● What to work on
In the records below, find the line containing "1.5 頻率(脈沖)、上下限報警、流向標示等輸出均為集電*開路的電平輸出信號。" and the line containing "Черный, телячья кожа, серебристая". Give again exactly those lines and every line between them, omitting the pictures.

● Supplied material
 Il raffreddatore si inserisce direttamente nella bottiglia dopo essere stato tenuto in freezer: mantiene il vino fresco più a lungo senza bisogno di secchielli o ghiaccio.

* * *

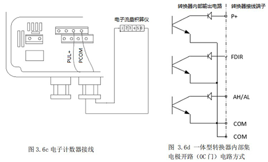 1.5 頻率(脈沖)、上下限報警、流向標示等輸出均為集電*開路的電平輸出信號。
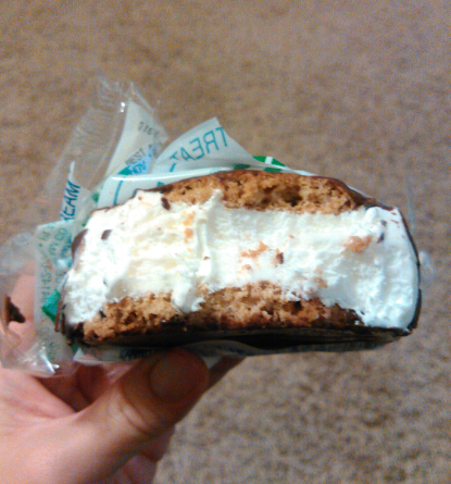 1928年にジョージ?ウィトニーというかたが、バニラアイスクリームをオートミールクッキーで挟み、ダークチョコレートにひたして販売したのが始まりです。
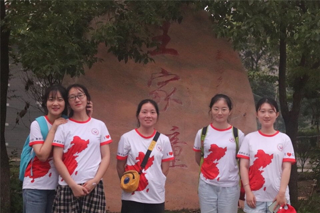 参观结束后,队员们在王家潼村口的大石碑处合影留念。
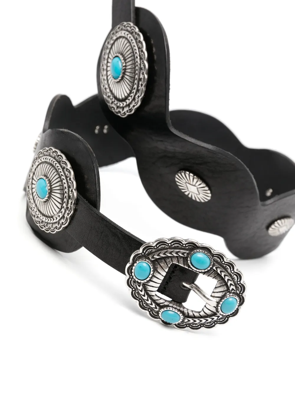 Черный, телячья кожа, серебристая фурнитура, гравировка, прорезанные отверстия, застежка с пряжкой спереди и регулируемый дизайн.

● Solution for this exercise
 1.5 頻率(脈沖)、上下限報警、流向標示等輸出均為集電*開路的電平輸出信號。
 1928年にジョージ?ウィトニーというかたが、バニラアイスクリームをオートミールクッキーで挟み、ダークチョコレートにひたして販売したのが始まりです。
 参观结束后,队员们在王家潼村口的大石碑处合影留念。
 Черный, телячья кожа, серебристая фурнитура, гравировка, прорезанные отверстия, застежка с пряжкой спереди и регулируемый дизайн.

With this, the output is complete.